What you are asked to do - Your answer must be an exact copy of the records below, with no pictures in it.

Given records -
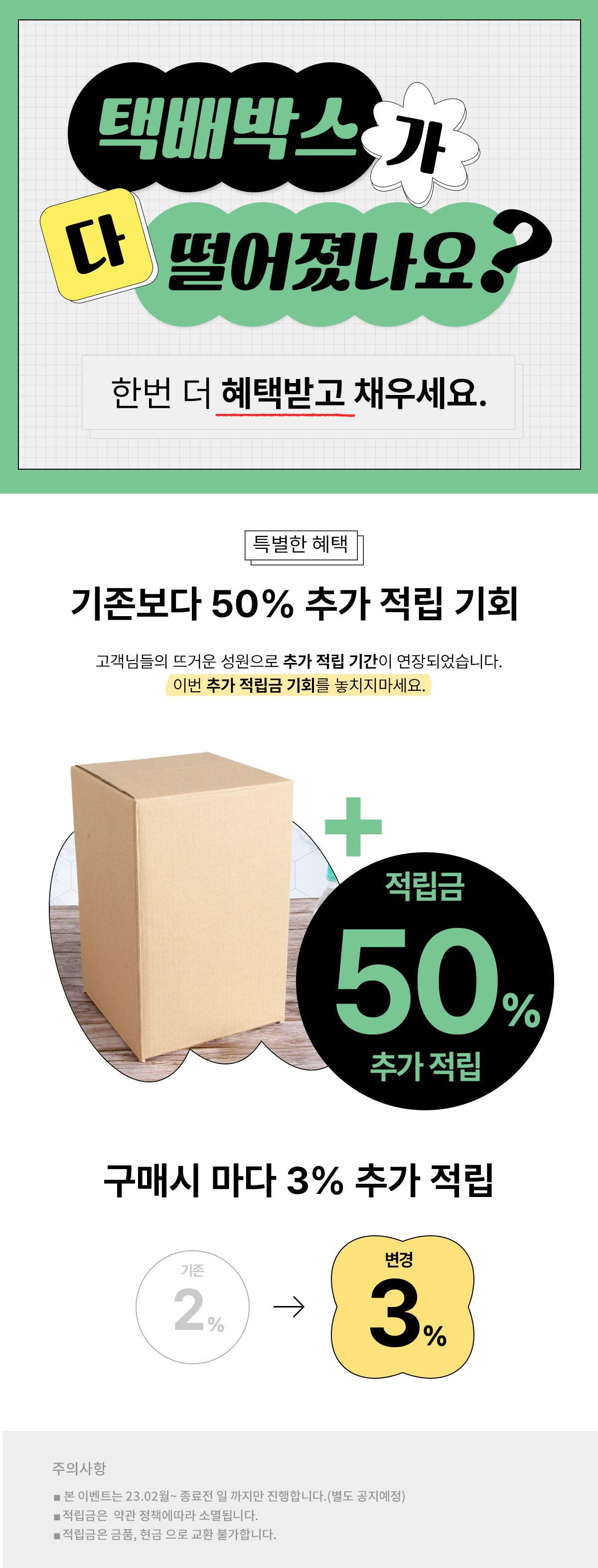 [공지사항] 박스 떨어지셨나요? 50% 더 받고 채우세요!
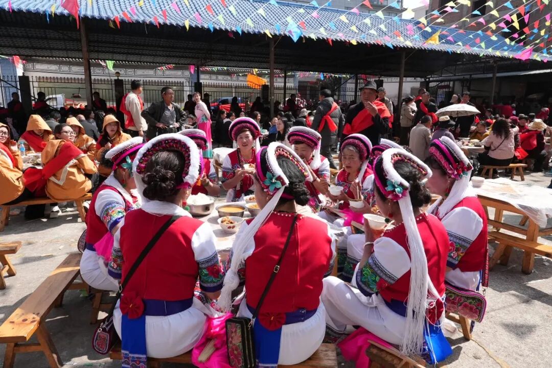 前来赴宴的,还有从重庆来的杨雨一家。“我们是重庆人,十几年前来云南旅游,最后选中大理凤仪定居,到现在已经住了七年了。自从住到凤仪,每年的春醮会我们都来参加。” 杨雨十分感慨,“我觉得这个活动非常有意义,这里的白族人民非常友好、非常朴实,我们是真心喜欢这里。” 在她看来,这种文化传承的氛围令人动容。
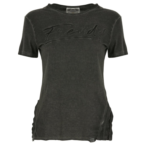 FREDDY T-Shirt a Maniche Corte con Spacchi in Costina - Cool Dyed Black - Large
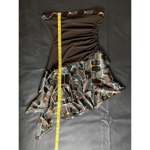 Description: Stunning and unique Vintage A. Byer Asymmetrical Tiered Mini Dress in a size Large, Made in U.S.A. This piece perfectly captures the Y2K and late 90s aesthetic. The dress features a solid brown, ruched bodice, contrasting beautifully with the voluminous, tiered skirt. The skirt boasts a bold, abstract/geometric print in shades of brown, teal-blue, and gold/tan. The asymmetrical/sharkbite hemline and tiered ruffles give it great movement and a distinct party-ready look. Made from a comfortable blend of Polyester and Spandex. A perfect statement piece for a night out, cocktail party, or themed event!
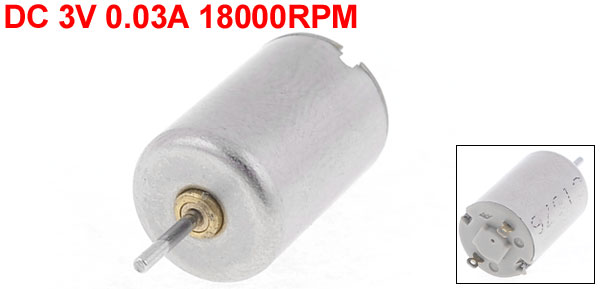 Product Name 1015 DC Motor Rated Voltage DC 3V Rated Current 30mA Speed 18000RPM Shaft Diameter 1mm / 0.04" Shaft Length 6mm / 0.24" Body Diameter 10mm / 0.4" Total Length 23mm / 0.9" Main Color Silver Tone Material Metal Weight 7g Package 1 x 1015 DC Motor - Reviews
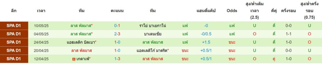 สถิติ 5 นัดล่าสุดของ ลาส พัลมาส : ชนะ 2 เสมอ 0 แพ้ 3

Solution for this exercise -
 [공지사항] 박스 떨어지셨나요? 50% 더 받고 채우세요!
 前来赴宴的,还有从重庆来的杨雨一家。“我们是重庆人,十几年前来云南旅游,最后选中大理凤仪定居,到现在已经住了七年了。自从住到凤仪,每年的春醮会我们都来参加。” 杨雨十分感慨,“我觉得这个活动非常有意义,这里的白族人民非常友好、非常朴实,我们是真心喜欢这里。” 在她看来,这种文化传承的氛围令人动容。
 FREDDY T-Shirt a Maniche Corte con Spacchi in Costina - Cool Dyed Black - Large
 Description: Stunning and unique Vintage A. Byer Asymmetrical Tiered Mini Dress in a size Large, Made in U.S.A. This piece perfectly captures the Y2K and late 90s aesthetic. The dress features a solid brown, ruched bodice, contrasting beautifully with the voluminous, tiered skirt. The skirt boasts a bold, abstract/geometric print in shades of brown, teal-blue, and gold/tan. The asymmetrical/sharkbite hemline and tiered ruffles give it great movement and a distinct party-ready look. Made from a comfortable blend of Polyester and Spandex. A perfect statement piece for a night out, cocktail party, or themed event!
 Product Name 1015 DC Motor Rated Voltage DC 3V Rated Current 30mA Speed 18000RPM Shaft Diameter 1mm / 0.04" Shaft Length 6mm / 0.24" Body Diameter 10mm / 0.4" Total Length 23mm / 0.9" Main Color Silver Tone Material Metal Weight 7g Package 1 x 1015 DC Motor - Reviews
 สถิติ 5 นัดล่าสุดของ ลาส พัลมาส : ชนะ 2 เสมอ 0 แพ้ 3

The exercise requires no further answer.